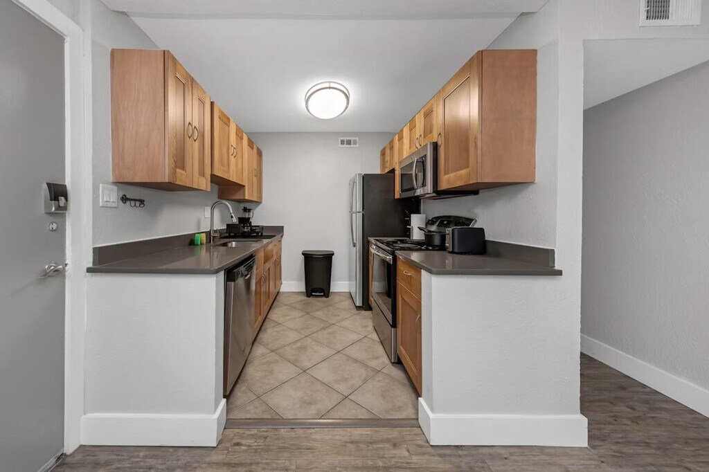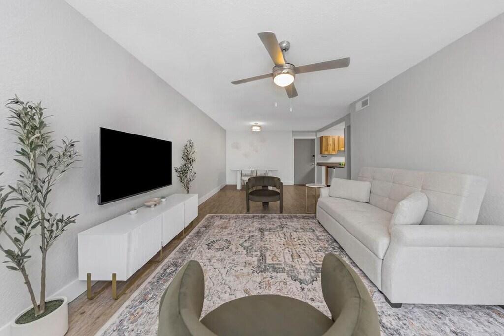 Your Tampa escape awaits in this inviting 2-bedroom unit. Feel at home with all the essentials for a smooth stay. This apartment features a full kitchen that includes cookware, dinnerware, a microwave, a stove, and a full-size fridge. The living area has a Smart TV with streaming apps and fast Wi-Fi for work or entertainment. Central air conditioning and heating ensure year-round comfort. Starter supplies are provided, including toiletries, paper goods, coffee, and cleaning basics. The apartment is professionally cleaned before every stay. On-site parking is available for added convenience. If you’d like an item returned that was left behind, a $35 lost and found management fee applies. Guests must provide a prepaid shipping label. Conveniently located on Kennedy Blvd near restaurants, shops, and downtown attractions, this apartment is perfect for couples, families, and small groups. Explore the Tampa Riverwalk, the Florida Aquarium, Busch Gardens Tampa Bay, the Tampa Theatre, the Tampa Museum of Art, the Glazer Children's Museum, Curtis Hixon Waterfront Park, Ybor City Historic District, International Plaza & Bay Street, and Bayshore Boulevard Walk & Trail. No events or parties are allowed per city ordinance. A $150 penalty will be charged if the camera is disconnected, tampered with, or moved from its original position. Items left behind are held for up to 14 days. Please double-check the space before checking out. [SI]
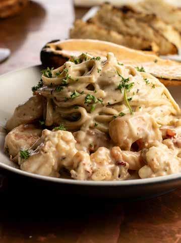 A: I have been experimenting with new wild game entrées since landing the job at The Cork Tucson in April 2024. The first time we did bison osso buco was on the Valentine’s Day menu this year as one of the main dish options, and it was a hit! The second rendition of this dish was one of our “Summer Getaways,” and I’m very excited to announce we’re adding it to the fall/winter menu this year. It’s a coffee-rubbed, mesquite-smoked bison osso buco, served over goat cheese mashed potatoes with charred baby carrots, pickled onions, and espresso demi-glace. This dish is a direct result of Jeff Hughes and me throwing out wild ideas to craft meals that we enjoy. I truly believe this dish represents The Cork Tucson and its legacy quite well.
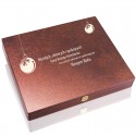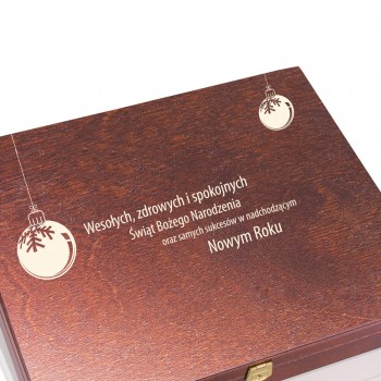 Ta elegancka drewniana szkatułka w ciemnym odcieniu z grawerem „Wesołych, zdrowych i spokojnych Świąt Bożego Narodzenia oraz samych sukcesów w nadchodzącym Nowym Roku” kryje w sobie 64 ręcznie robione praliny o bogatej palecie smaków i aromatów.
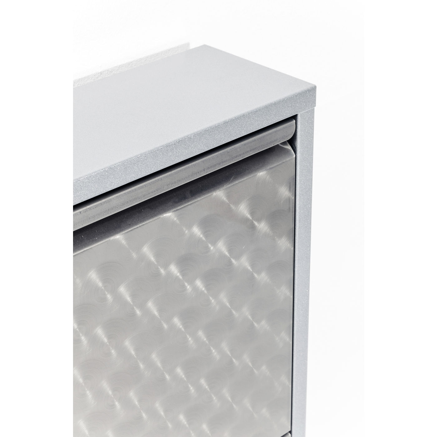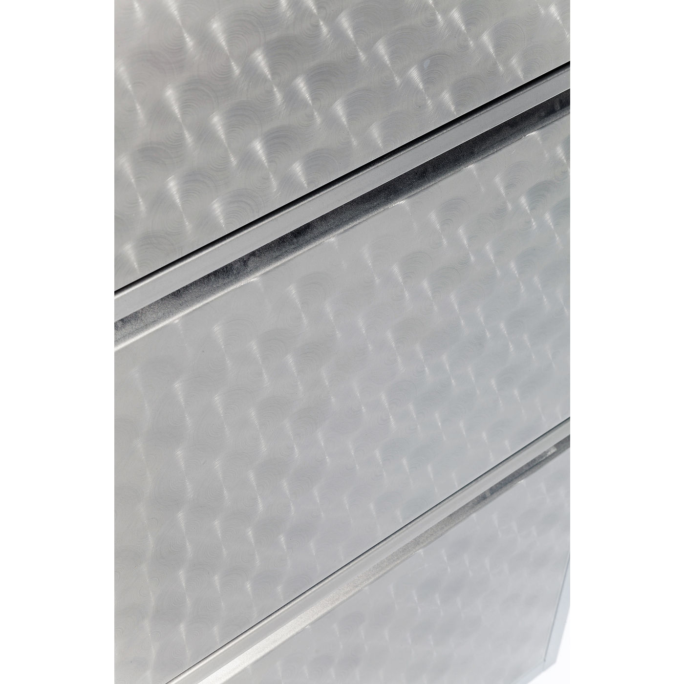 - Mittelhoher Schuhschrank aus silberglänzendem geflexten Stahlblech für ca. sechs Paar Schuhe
* * *
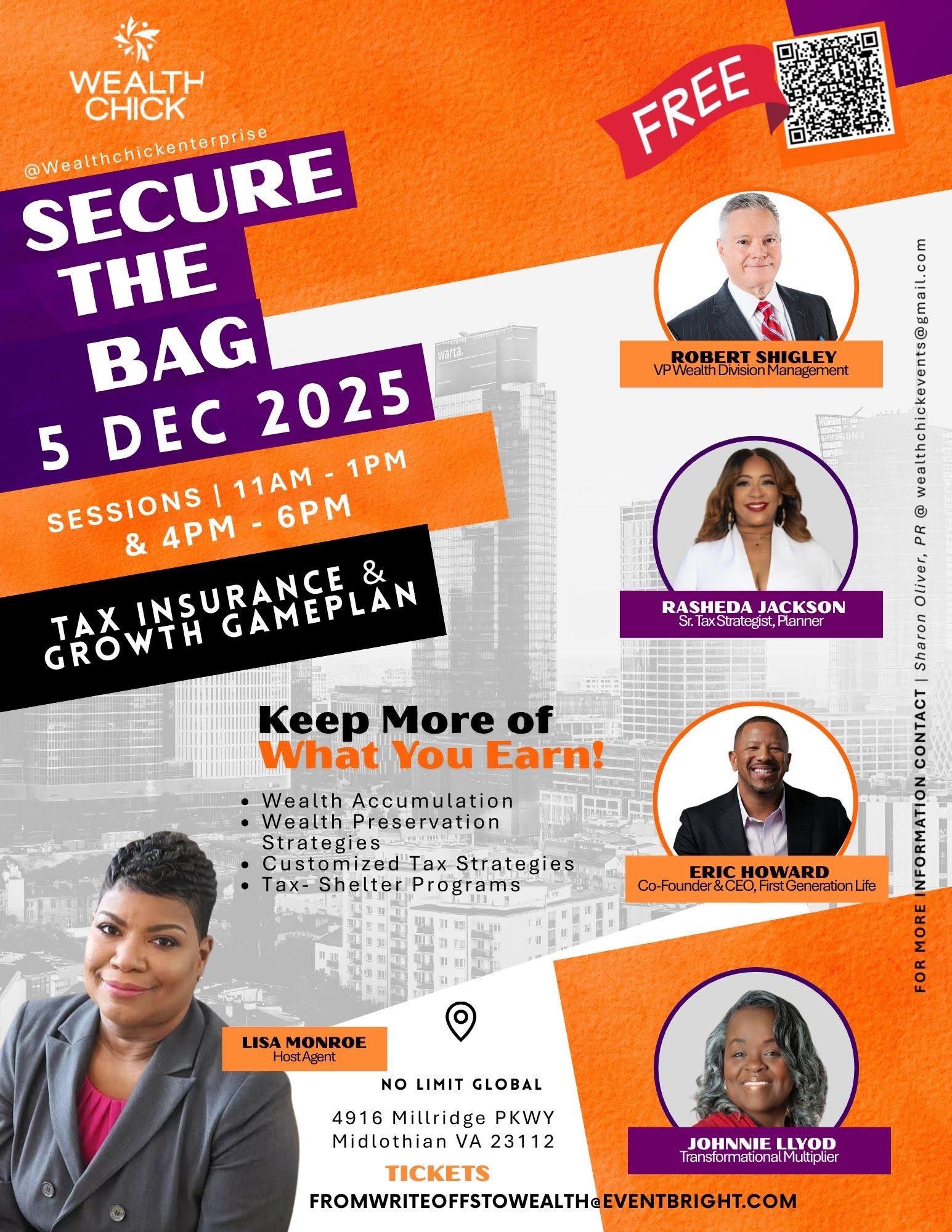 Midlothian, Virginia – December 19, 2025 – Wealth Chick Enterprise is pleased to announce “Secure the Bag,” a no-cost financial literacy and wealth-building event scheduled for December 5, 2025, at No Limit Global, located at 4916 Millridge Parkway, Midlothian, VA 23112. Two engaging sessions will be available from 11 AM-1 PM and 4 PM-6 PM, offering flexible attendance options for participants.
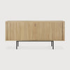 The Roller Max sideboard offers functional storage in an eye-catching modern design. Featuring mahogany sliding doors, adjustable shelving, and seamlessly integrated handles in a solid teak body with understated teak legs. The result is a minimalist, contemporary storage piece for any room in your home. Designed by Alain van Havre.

Exercise:
Starting at the line with "Midlothian, Virginia –" in the entries above, write out every line exactly until the line with "The Roller Max" has been written. Include no pictures and nothing more.

Written answer:
 Midlothian, Virginia – December 19, 2025 – Wealth Chick Enterprise is pleased to announce “Secure the Bag,” a no-cost financial literacy and wealth-building event scheduled for December 5, 2025, at No Limit Global, located at 4916 Millridge Parkway, Midlothian, VA 23112. Two engaging sessions will be available from 11 AM-1 PM and 4 PM-6 PM, offering flexible attendance options for participants.
 The Roller Max sideboard offers functional storage in an eye-catching modern design. Featuring mahogany sliding doors, adjustable shelving, and seamlessly integrated handles in a solid teak body with understated teak legs. The result is a minimalist, contemporary storage piece for any room in your home. Designed by Alain van Havre.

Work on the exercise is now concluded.